** Opening PROVIDED RECORDS block **

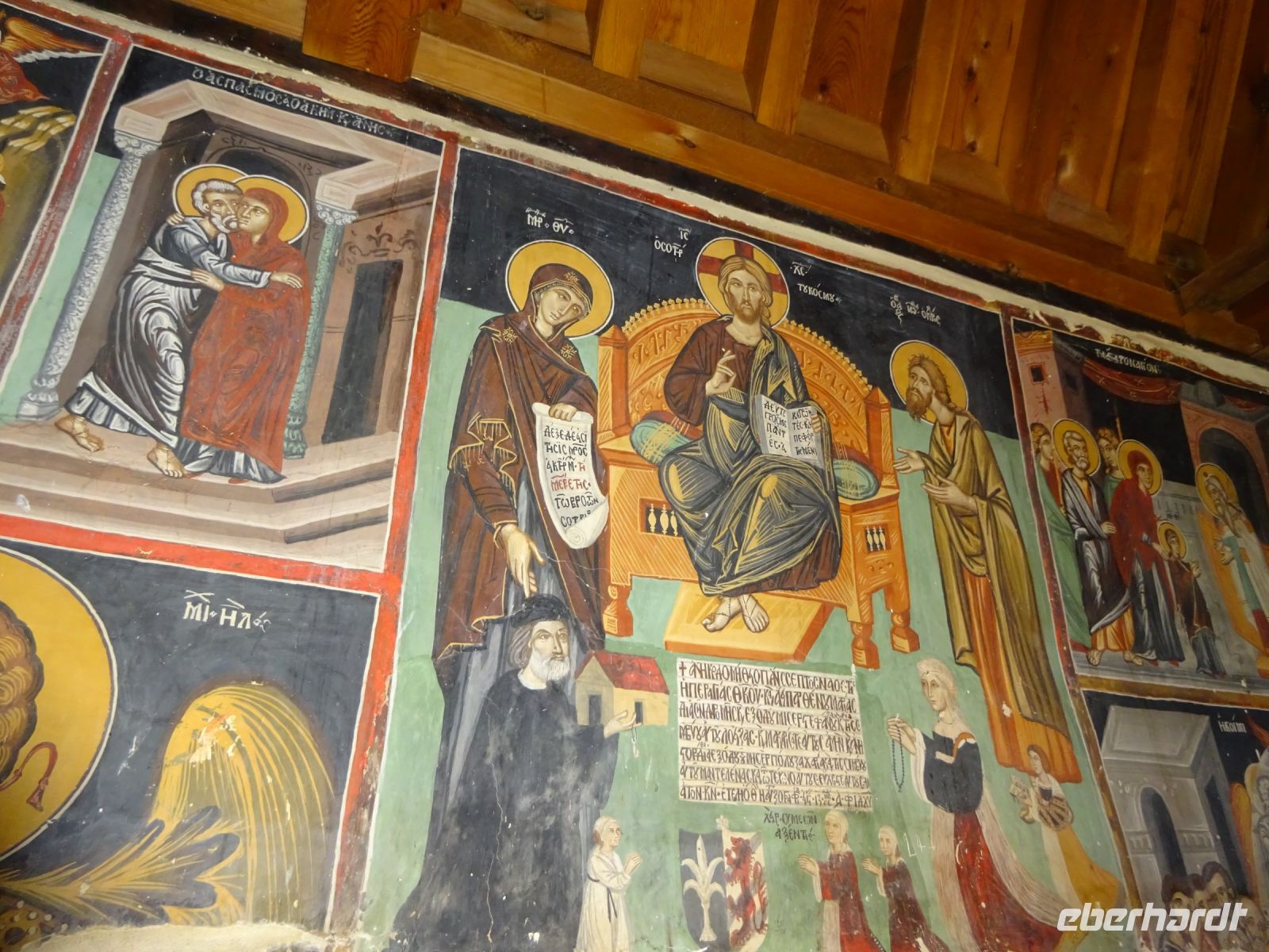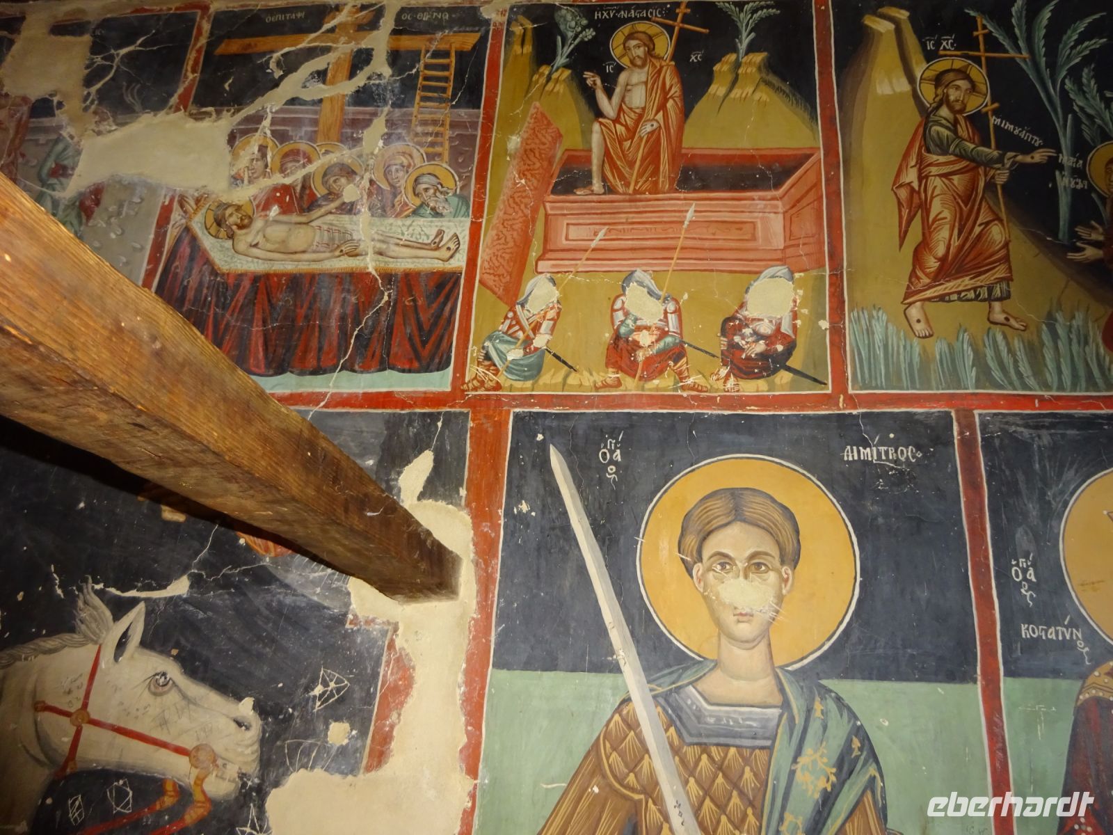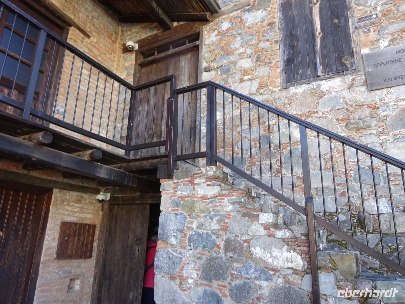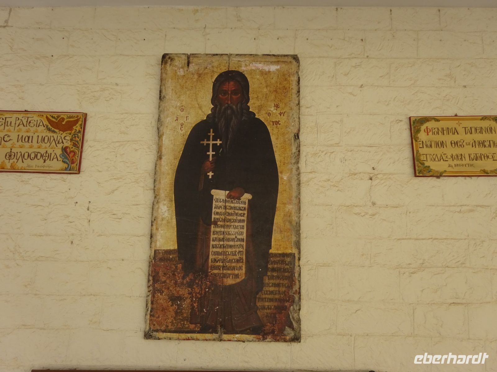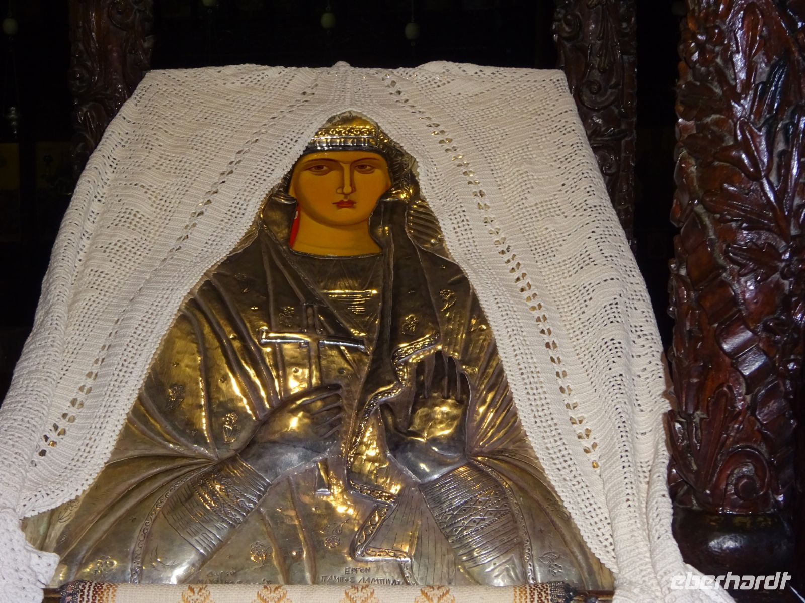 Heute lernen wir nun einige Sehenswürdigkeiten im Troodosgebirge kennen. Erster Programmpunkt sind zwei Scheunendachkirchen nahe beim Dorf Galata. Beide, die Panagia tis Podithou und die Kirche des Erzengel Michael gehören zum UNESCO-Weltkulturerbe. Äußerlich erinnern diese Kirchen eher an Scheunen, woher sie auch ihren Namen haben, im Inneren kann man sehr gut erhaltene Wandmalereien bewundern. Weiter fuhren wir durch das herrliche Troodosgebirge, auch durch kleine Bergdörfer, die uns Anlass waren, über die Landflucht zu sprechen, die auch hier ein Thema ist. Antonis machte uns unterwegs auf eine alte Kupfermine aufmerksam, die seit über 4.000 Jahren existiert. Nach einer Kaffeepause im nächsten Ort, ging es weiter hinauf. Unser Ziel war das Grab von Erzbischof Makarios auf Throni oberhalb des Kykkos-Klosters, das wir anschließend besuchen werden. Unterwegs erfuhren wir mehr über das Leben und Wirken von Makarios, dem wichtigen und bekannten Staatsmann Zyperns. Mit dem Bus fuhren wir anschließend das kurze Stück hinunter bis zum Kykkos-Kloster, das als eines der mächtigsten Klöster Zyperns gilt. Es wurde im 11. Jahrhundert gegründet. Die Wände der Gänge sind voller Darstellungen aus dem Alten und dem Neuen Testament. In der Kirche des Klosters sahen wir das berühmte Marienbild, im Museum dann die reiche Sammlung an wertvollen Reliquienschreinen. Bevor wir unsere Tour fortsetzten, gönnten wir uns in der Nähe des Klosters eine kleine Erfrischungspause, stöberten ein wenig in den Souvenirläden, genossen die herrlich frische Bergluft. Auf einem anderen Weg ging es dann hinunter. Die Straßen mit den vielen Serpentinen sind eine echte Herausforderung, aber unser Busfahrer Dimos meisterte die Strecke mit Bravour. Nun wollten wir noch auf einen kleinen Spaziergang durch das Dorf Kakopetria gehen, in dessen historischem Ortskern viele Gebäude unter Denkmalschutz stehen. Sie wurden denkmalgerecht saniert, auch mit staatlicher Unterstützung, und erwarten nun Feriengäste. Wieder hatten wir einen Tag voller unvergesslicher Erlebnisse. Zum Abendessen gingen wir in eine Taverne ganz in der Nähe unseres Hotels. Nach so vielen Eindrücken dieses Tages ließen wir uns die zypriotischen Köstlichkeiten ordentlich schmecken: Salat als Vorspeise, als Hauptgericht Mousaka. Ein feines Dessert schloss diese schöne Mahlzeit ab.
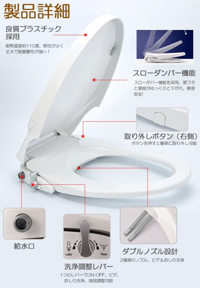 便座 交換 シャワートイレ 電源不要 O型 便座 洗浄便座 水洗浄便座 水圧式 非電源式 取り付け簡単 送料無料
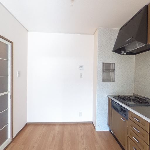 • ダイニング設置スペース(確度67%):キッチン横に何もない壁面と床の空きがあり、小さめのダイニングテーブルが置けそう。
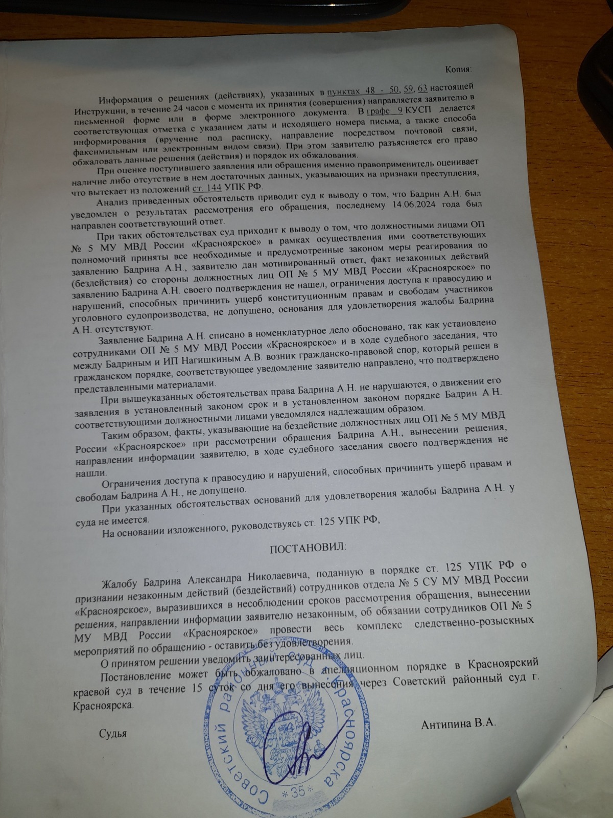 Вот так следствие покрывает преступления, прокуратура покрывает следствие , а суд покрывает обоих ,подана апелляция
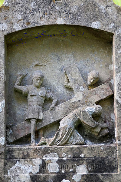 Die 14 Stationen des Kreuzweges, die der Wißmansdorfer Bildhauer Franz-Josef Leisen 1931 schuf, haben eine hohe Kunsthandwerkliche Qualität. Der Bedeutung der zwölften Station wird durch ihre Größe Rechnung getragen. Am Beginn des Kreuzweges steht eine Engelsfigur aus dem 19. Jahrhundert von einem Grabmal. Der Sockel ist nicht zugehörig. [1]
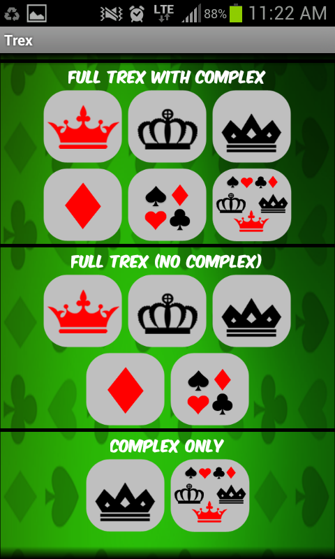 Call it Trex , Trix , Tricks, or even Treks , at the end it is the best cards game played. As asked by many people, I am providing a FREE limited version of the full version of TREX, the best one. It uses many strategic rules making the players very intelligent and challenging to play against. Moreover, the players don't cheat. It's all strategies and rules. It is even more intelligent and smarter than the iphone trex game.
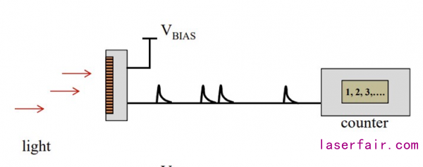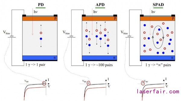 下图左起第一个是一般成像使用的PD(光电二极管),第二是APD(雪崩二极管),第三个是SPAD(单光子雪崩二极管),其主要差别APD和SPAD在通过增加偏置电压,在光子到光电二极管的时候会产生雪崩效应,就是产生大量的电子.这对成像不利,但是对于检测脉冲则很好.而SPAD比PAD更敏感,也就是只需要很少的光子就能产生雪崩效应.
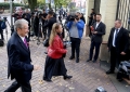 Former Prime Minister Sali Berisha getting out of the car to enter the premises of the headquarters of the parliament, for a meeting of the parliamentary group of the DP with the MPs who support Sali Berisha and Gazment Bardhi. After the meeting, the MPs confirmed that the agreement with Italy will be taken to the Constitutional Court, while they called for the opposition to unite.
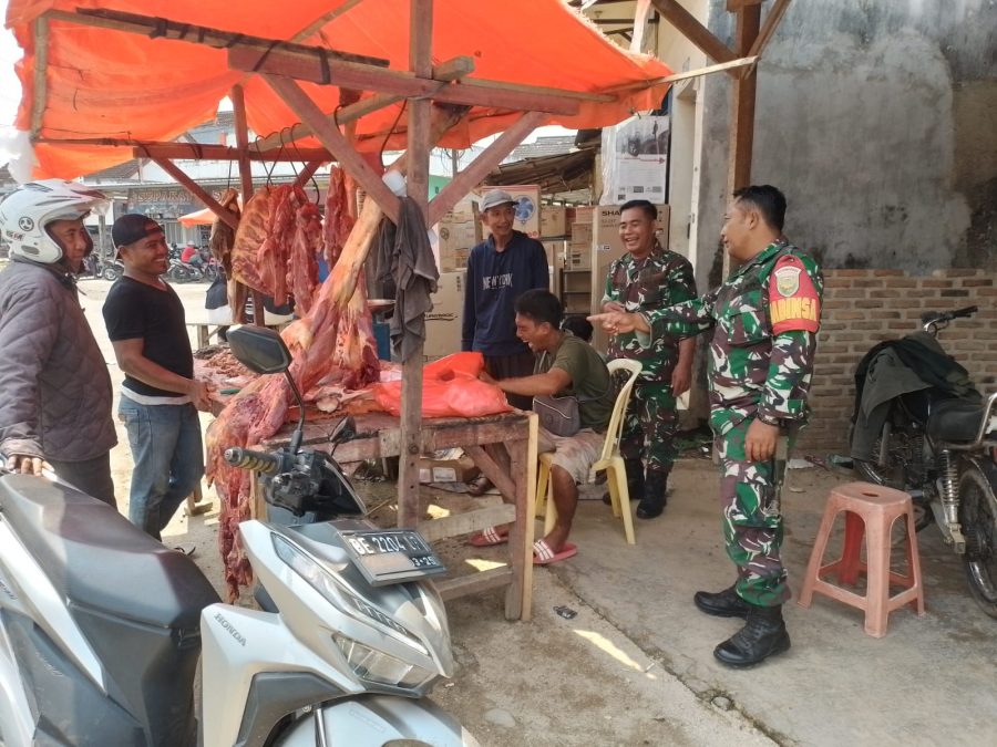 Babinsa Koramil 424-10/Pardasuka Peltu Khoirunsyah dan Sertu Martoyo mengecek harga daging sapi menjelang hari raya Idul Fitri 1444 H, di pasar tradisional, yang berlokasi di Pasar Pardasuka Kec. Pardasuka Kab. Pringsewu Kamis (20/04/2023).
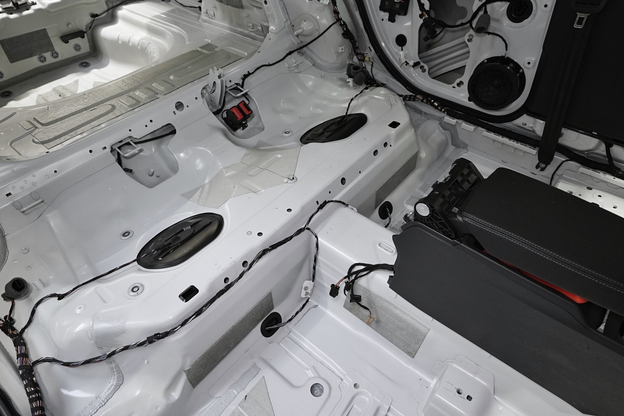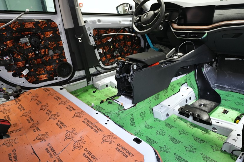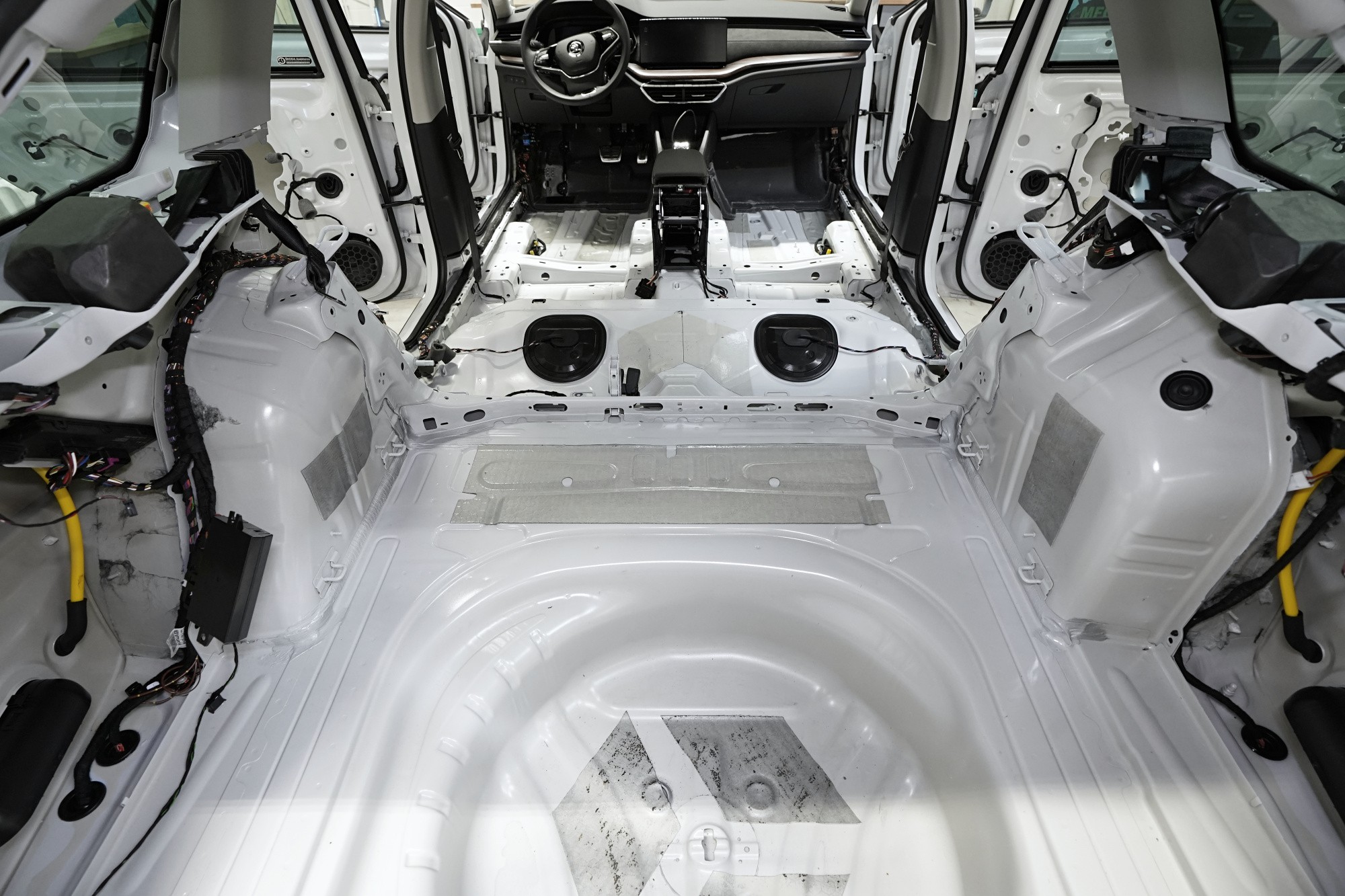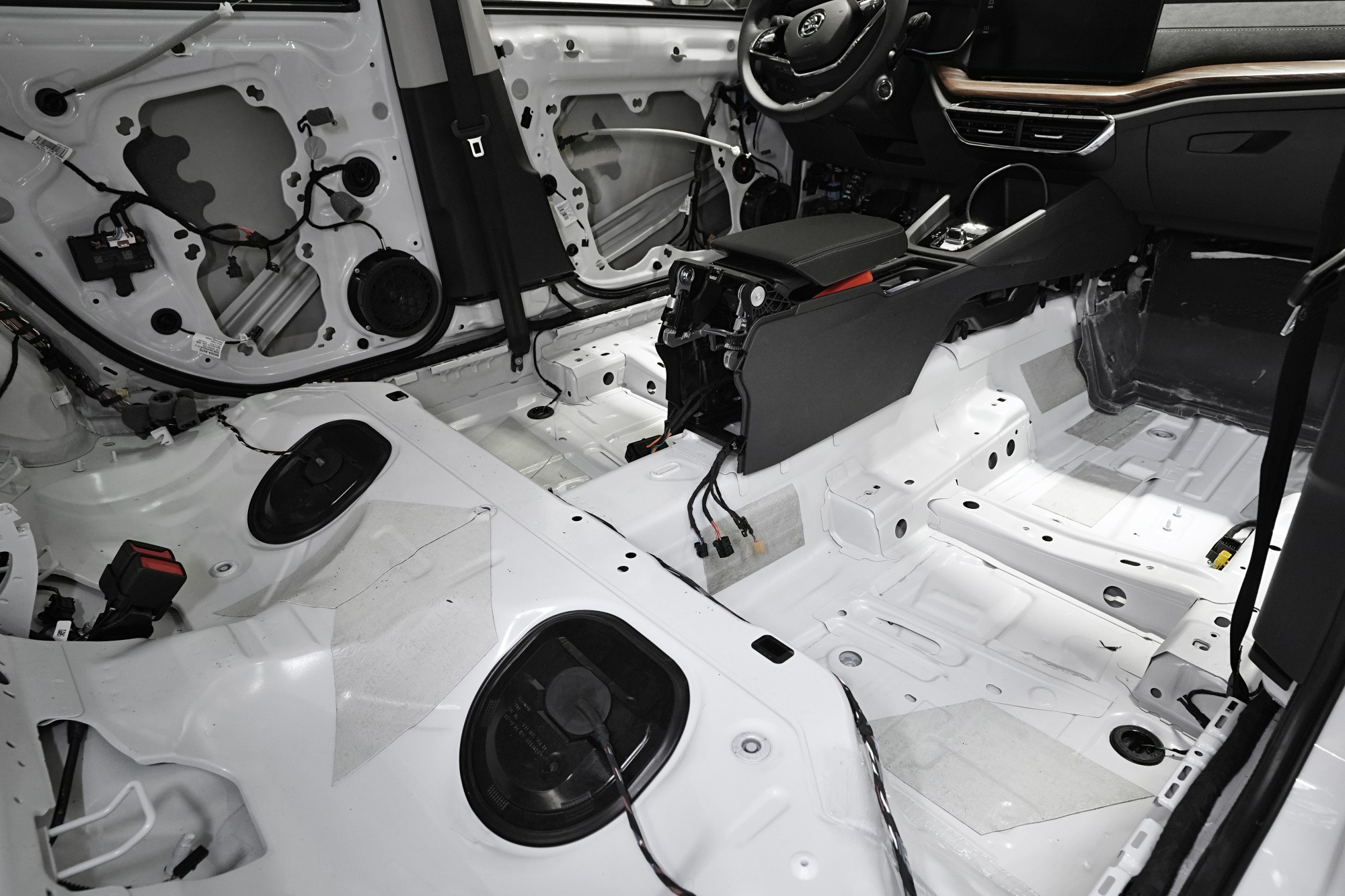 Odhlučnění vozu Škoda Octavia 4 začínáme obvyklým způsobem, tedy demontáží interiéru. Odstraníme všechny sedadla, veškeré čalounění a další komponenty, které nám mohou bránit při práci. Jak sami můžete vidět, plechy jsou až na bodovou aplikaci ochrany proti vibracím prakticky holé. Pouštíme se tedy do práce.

** Closing PROVIDED RECORDS block **

The preceding entries should be duplicated word for word; no picture belongs in the copy.

 Heute lernen wir nun einige Sehenswürdigkeiten im Troodosgebirge kennen. Erster Programmpunkt sind zwei Scheunendachkirchen nahe beim Dorf Galata. Beide, die Panagia tis Podithou und die Kirche des Erzengel Michael gehören zum UNESCO-Weltkulturerbe. Äußerlich erinnern diese Kirchen eher an Scheunen, woher sie auch ihren Namen haben, im Inneren kann man sehr gut erhaltene Wandmalereien bewundern. Weiter fuhren wir durch das herrliche Troodosgebirge, auch durch kleine Bergdörfer, die uns Anlass waren, über die Landflucht zu sprechen, die auch hier ein Thema ist. Antonis machte uns unterwegs auf eine alte Kupfermine aufmerksam, die seit über 4.000 Jahren existiert. Nach einer Kaffeepause im nächsten Ort, ging es weiter hinauf. Unser Ziel war das Grab von Erzbischof Makarios auf Throni oberhalb des Kykkos-Klosters, das wir anschließend besuchen werden. Unterwegs erfuhren wir mehr über das Leben und Wirken von Makarios, dem wichtigen und bekannten Staatsmann Zyperns. Mit dem Bus fuhren wir anschließend das kurze Stück hinunter bis zum Kykkos-Kloster, das als eines der mächtigsten Klöster Zyperns gilt. Es wurde im 11. Jahrhundert gegründet. Die Wände der Gänge sind voller Darstellungen aus dem Alten und dem Neuen Testament. In der Kirche des Klosters sahen wir das berühmte Marienbild, im Museum dann die reiche Sammlung an wertvollen Reliquienschreinen. Bevor wir unsere Tour fortsetzten, gönnten wir uns in der Nähe des Klosters eine kleine Erfrischungspause, stöberten ein wenig in den Souvenirläden, genossen die herrlich frische Bergluft. Auf einem anderen Weg ging es dann hinunter. Die Straßen mit den vielen Serpentinen sind eine echte Herausforderung, aber unser Busfahrer Dimos meisterte die Strecke mit Bravour. Nun wollten wir noch auf einen kleinen Spaziergang durch das Dorf Kakopetria gehen, in dessen historischem Ortskern viele Gebäude unter Denkmalschutz stehen. Sie wurden denkmalgerecht saniert, auch mit staatlicher Unterstützung, und erwarten nun Feriengäste. Wieder hatten wir einen Tag voller unvergesslicher Erlebnisse. Zum Abendessen gingen wir in eine Taverne ganz in der Nähe unseres Hotels. Nach so vielen Eindrücken dieses Tages ließen wir uns die zypriotischen Köstlichkeiten ordentlich schmecken: Salat als Vorspeise, als Hauptgericht Mousaka. Ein feines Dessert schloss diese schöne Mahlzeit ab.
 便座 交換 シャワートイレ 電源不要 O型 便座 洗浄便座 水洗浄便座 水圧式 非電源式 取り付け簡単 送料無料
 • ダイニング設置スペース(確度67%):キッチン横に何もない壁面と床の空きがあり、小さめのダイニングテーブルが置けそう。
 Вот так следствие покрывает преступления, прокуратура покрывает следствие , а суд покрывает обоих ,подана апелляция
 Die 14 Stationen des Kreuzweges, die der Wißmansdorfer Bildhauer Franz-Josef Leisen 1931 schuf, haben eine hohe Kunsthandwerkliche Qualität. Der Bedeutung der zwölften Station wird durch ihre Größe Rechnung getragen. Am Beginn des Kreuzweges steht eine Engelsfigur aus dem 19. Jahrhundert von einem Grabmal. Der Sockel ist nicht zugehörig. [1]
 Call it Trex , Trix , Tricks, or even Treks , at the end it is the best cards game played. As asked by many people, I am providing a FREE limited version of the full version of TREX, the best one. It uses many strategic rules making the players very intelligent and challenging to play against. Moreover, the players don't cheat. It's all strategies and rules. It is even more intelligent and smarter than the iphone trex game.
 下图左起第一个是一般成像使用的PD(光电二极管),第二是APD(雪崩二极管),第三个是SPAD(单光子雪崩二极管),其主要差别APD和SPAD在通过增加偏置电压,在光子到光电二极管的时候会产生雪崩效应,就是产生大量的电子.这对成像不利,但是对于检测脉冲则很好.而SPAD比PAD更敏感,也就是只需要很少的光子就能产生雪崩效应.
 Former Prime Minister Sali Berisha getting out of the car to enter the premises of the headquarters of the parliament, for a meeting of the parliamentary group of the DP with the MPs who support Sali Berisha and Gazment Bardhi. After the meeting, the MPs confirmed that the agreement with Italy will be taken to the Constitutional Court, while they called for the opposition to unite.
 Babinsa Koramil 424-10/Pardasuka Peltu Khoirunsyah dan Sertu Martoyo mengecek harga daging sapi menjelang hari raya Idul Fitri 1444 H, di pasar tradisional, yang berlokasi di Pasar Pardasuka Kec. Pardasuka Kab. Pringsewu Kamis (20/04/2023).
 Odhlučnění vozu Škoda Octavia 4 začínáme obvyklým způsobem, tedy demontáží interiéru. Odstraníme všechny sedadla, veškeré čalounění a další komponenty, které nám mohou bránit při práci. Jak sami můžete vidět, plechy jsou až na bodovou aplikaci ochrany proti vibracím prakticky holé. Pouštíme se tedy do práce.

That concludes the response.